Characterization of CP single donations for anti-SARS-CoV-2 reactivity by means of a IgG ELISA and b microneutralization assay. a ELISA ratios of anti-SARS-CoV-2 IgG are plotted. Cut-off is set by ELISA kit manufacturer as 1.1. Interpretation was negative if ratio is < 0.8; positive if ≥ 1.1; borderline if 1.1 > x > 0.8. b Samples are clustered into neutralization potency (NC50) bins (right) and also shown as total sample set (left). For each ranked sub-population, the mean normalized neutralization titers ± SD are depicted on the left y-axis and values are shown above bars. The number of donations binned to each NC50 potency subset is shown at the bottom of each bar. The fraction of each subset to the total sample size is indicated by blue horizontal lines and depicted on the right y-axis. CP convalescent plasma, IU international units, NC50 concentration at 50% neutralization, SD standard deviation
We next set out to investigate what these ELISA data mean in terms of actual virus neutralization. Therefore, 313 CP donations including the above sample set were analyzed by actual virus neutralization in a so-called NT screening assay format (Fig. 1b). We found a high variability of neutralization activity among CP donations. Twenty-five percent had a neutralization capacity close to or below the LOD (0–45 IU/mL); 28% had only a weak neutralization titer of <150 IU/mL; 21% of donations had a mean titer of 223 IU/mL, representing a moderate/average neutralization; 16% had a neutralization titer between 300 IU/mL and 600 IU/mL; while only 10% of all donations had a neutralizing activity of at least 600 IU/mL. The maximal donation neutralization titer found was 2017 IU/mL. The mean ± SD neutralization titer of all convalescent donations was 245 ± 302 IU/mL.
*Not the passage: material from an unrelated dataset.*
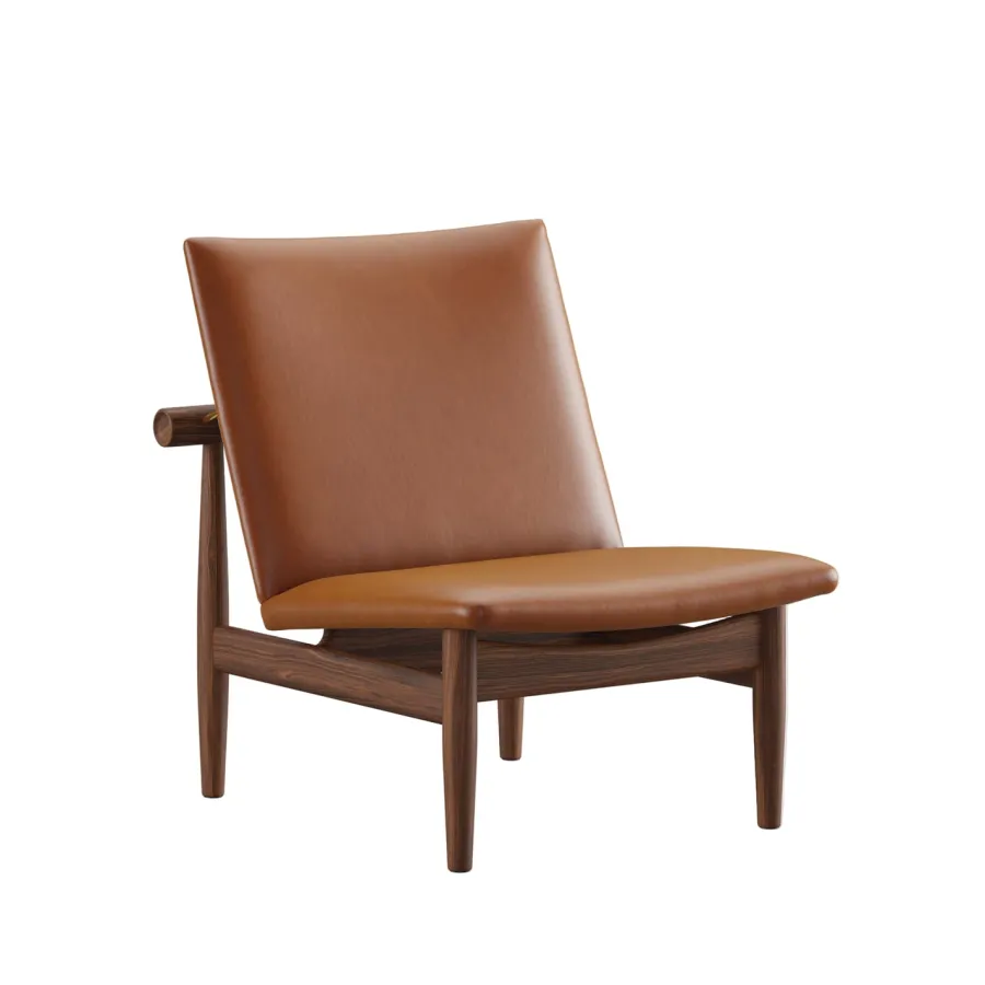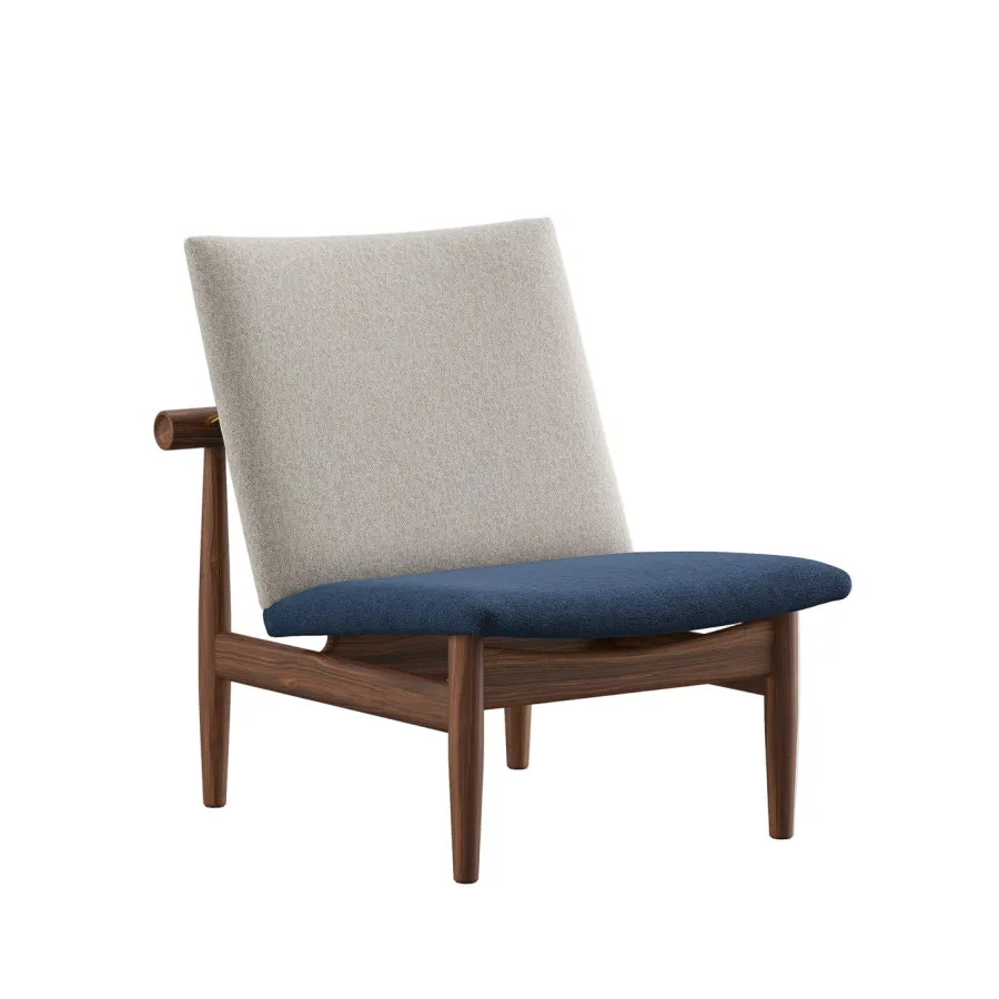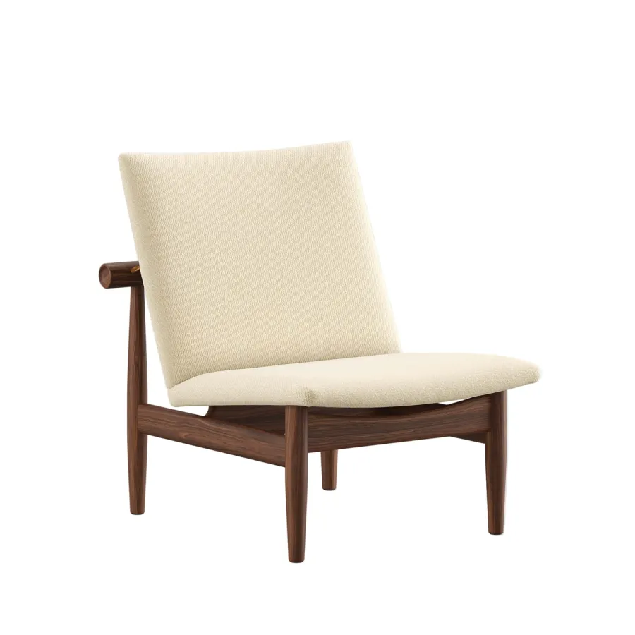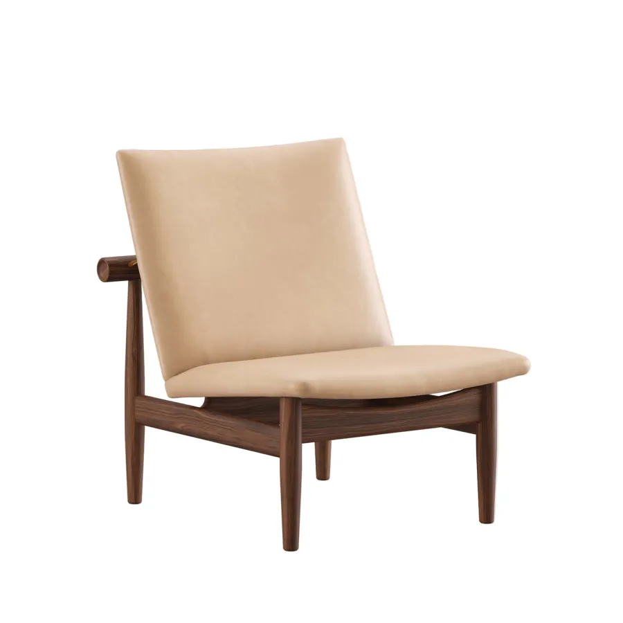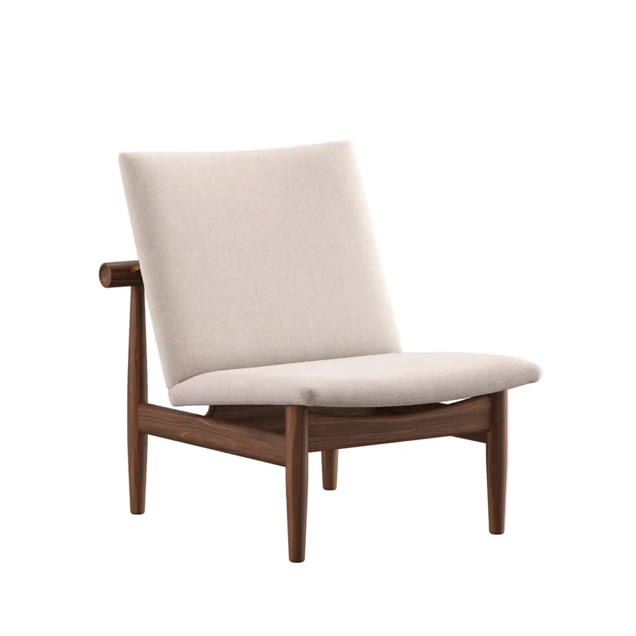 Japan Chair i valnød er et roligt åndedrag af japansk enkelhed og dansk snedkerkunst. Finn Juhl lader det bærende og det bårne træde tydeligt frem med den svævende ryg, adskilt fra stellet af små messingafstandsstykker. Resultatet er en skulpturel loungestol der tilfører varme og raffinement i stuen læsehjørnet eller hotelbaren. Den kompakte størrelse gør stolen nem at placere mens den generøse siddekomfort indbyder til langsomme stunder. Vælg din foretrukne polstring i tekstil eller læder og lad valnøddens glød modne smukt med tiden.

Given the reports on frequent asymptomatic to mild COVID-19 infections and the general interest in how epidemiologic developments (infection as well as vaccination programs) in the US donor population is reflected in IVIG/SCIG, we investigated commercial lots derived from US plasma sources for SARS-CoV-2 reactivity from November 2020 until June 2021 by means of quantitative anti-SARS-CoV-2 S1 RBD IgG ELISA (Fig. 2a). Pre-pandemic IVIG/SCIG lots all tested negative in the ELISA, excluding cross-reactivity of the assay against ‘common cold’ coronaviruses. Systematic investigations started in November 2020 and the first reactive lots were detected in December 2020 with ELISA IgG titers ranging from 40 to 170 BAU/mL with a mean value of 100 BAU/mL. A progressive reactivity increase was observed, which took up pace in the very last months of observation. A mean ± SD anti-SARS-CoV-2 IgG titer of 1048 ± 363 BAU/mL was found in IVIG/SCIG lots produced in June 2021.
SARS-CoV-2 reactivity and neutralization titer of IVIG/SCIG final containers from November 2020 to June 2021. a Scatter plot for reactivity of 10% IVIG/SCIG final containers normalized to 10% Ig in commercial IgG ELISA. Each dot represents the mean result of 8 determinations per sample counted as one measurement. The month of production is plotted against ELISA signal intensity, which was normalized against the WHO International Standard and to 10% IgG (100 mg/mL). b Neutralization titer of 10% IVIG/SCIG as determined by microneutralization assay is depicted on the left y-axis in IU/mL. Each dot represents the mean of triplicate analysis, counting as one measurement. Neutralization over time was fitted (solid line) using non-linear fit ‘exponential growth equation’ on the median values under GraphPad Prism version 8.4.3 (686). The cumulative minimal serologically relevant exposure of the total US population is depicted as a dash-dotted line (right y-axis) in blue. The latter were obtained from CDC Covid Data Tracker [40]. c Correlation analysis of ELISA (x-axis) and microneutralization results (y-axis). Correlation coefficient was calculated using two-tailed, Gaussian distributed values at 95% CI (Pearson) under GraphPad Prism version 8.4.3 (686). BAU binding antibody units, CI confidence interval, IVIG/SCIG intravenous or subcutaneous immunoglobulin
To substantiate this information, we further tested ELISA-positive lots in NT in the potency assay format (Fig. 2b).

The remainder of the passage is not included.